Motorists are increasingly going green.
In recent years, the numbers of electric cars on the roads of the UK have grown sharply, according to figures from the Society of Motor Manufacturers and Traders (SMMT).
Its data shows that while just 500 electric vehicles were registered in the first half of 2014, this had rocketed to an average of almost 4,000 a month by 2017, with further growth expected this year.
And that means there’s also been an increase in places you can charge them – with so-called charging bays popping up on streets and in car parks up and down the country.
Rising numbers of charging bays
According to data from Zap Map, there are now 9,259 charging devices for electric vehicles at more than 5,500 locations across the UK.
This is quite the increase on 12 months ago, when just 4,170 locations have charging bays for electric vehicles.
London is the area with the most charging connections, accounting for more than one in five (21%), followed by Scotland (15%) and the south east (13%).
But what happens if you use one of these bays and don’t have an electric vehicle? And if you do have one, do you have to use the charger too?
Policing of parking spaces
If you park in a disabled bay and don’t have a disabled badge on show, then you are liable to be hit with a penalty charge notice.
This is the case whether you do so on a council-owned disabled space or a space owned by a retailer, like a supermarket.
Supermarkets set their own levels for fines for this particular offence, though you are likely to have to cough up around £60-£70.
Parking in a parent and child spot without a toddler in tow doesn’t seem to have the same social stigma, but some supermarkets are strict about it, warning that if you are caught and then refuse to move you can be fined.
Parking in an electric charging bay
So how are things handled with electric charging bays? Can you be fined for parking in them incorrectly?
The answer is a resounding yes when it comes to council-owned spaces.
Parking up in a charging bay with a non-electric car will leave you liable to a penalty charge notice.
The same should be true of supermarket parking spaces too, according to James Walker, founder of dispute resolution service Resolver, who notes that electric vehicle charging bays are essentially owned by whoever is responsible for running them and so should be subject to the usual private parking fine rules.
He adds: “Fines would be applied by the owner of the space – the firm that runs it – and the usual rules would therefore apply.

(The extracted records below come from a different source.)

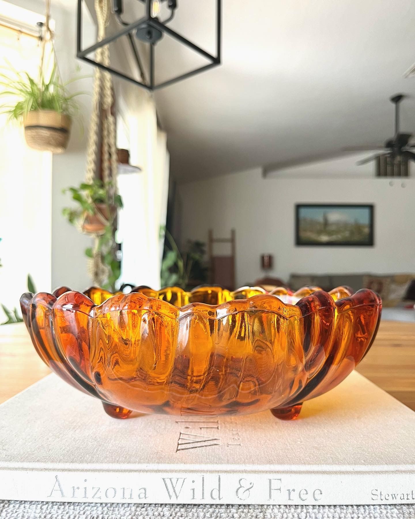 Vintage Large Amber Thick Glass Footed Bowl. Beautiful orange amber color perfect for fall decor. Very thick heavy glass. Measurements in photos. Please check out my other listings :)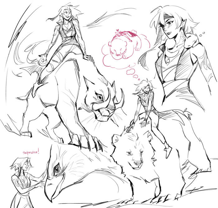 Терай и Вергилий. Лия и её любимый друид в зверином облике. Бабай и его покровительница // Art by LIXA
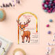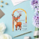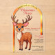 Esta hermosa invitación a la fiesta de Navidades con forma de arco y arco dorado es muy tendencia. El ilustracion es un bonito reno con grandes ojos curiosos, pintura de mano inspirada en el personalizado. Todos los textos están escritos con tipografía refinada y son personalizables. ¡Perfecto para una hermosa celebración de navidades!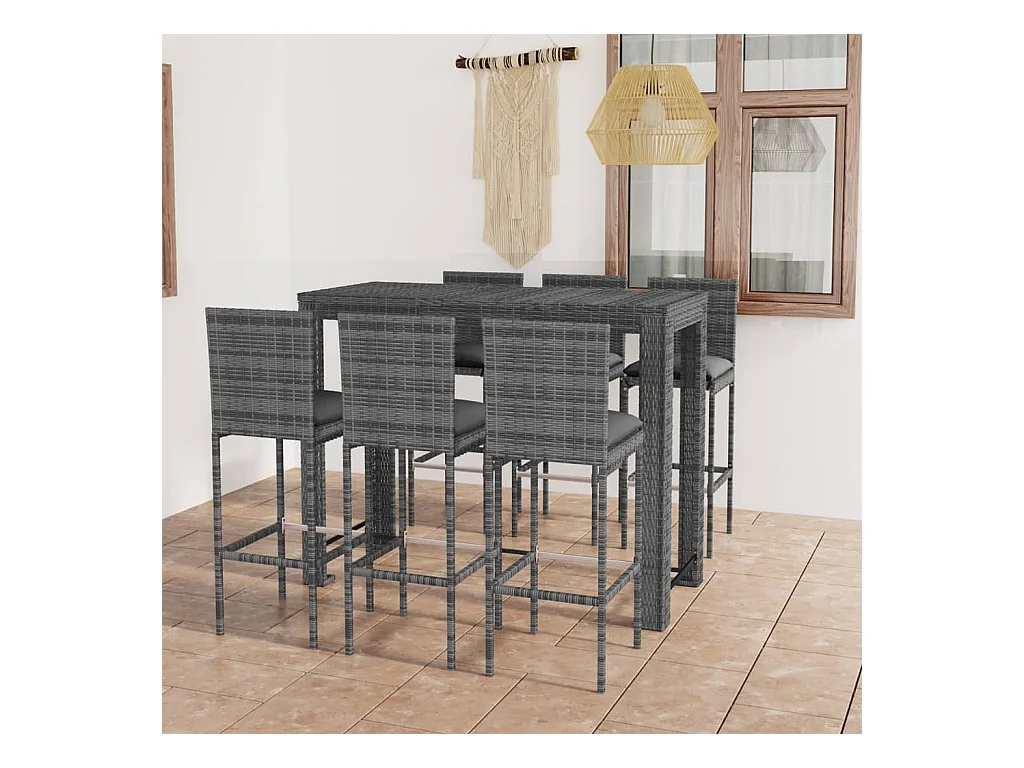 Muebles de bar de jardín 7 piezas ratán PE y cojines antracita

“There would have to be clear signage explaining the penalties for parking in this area and failure to do this – or unclear or hidden warnings – would mean you’d be able to appeal.”
Essentially, make sure you have a good look around for some sort of official sign outlining the exact rules for parking in those bays – and then follow those rules – if you want to ensure you don’t get whacked with a fine.
Oh, and you HAVE to be charging too
It’s important to note that even if you have an electric car and a valid parking ticket, you could still come a cropper when using a charging bay.
To avoid the chances of a fine, you must be actively charging while parked up, and then head off from the space once the battery is full.
Take this explanation from Hertsmere Council : “Vehicles in the charging bay must be charging at the time of parking and display a valid parking ticket for the entire duration.
“Vehicles parked in a charging bay without using the charging point, even with a valid ticket, will be at risk of being served with a Penalty Charge Notice.”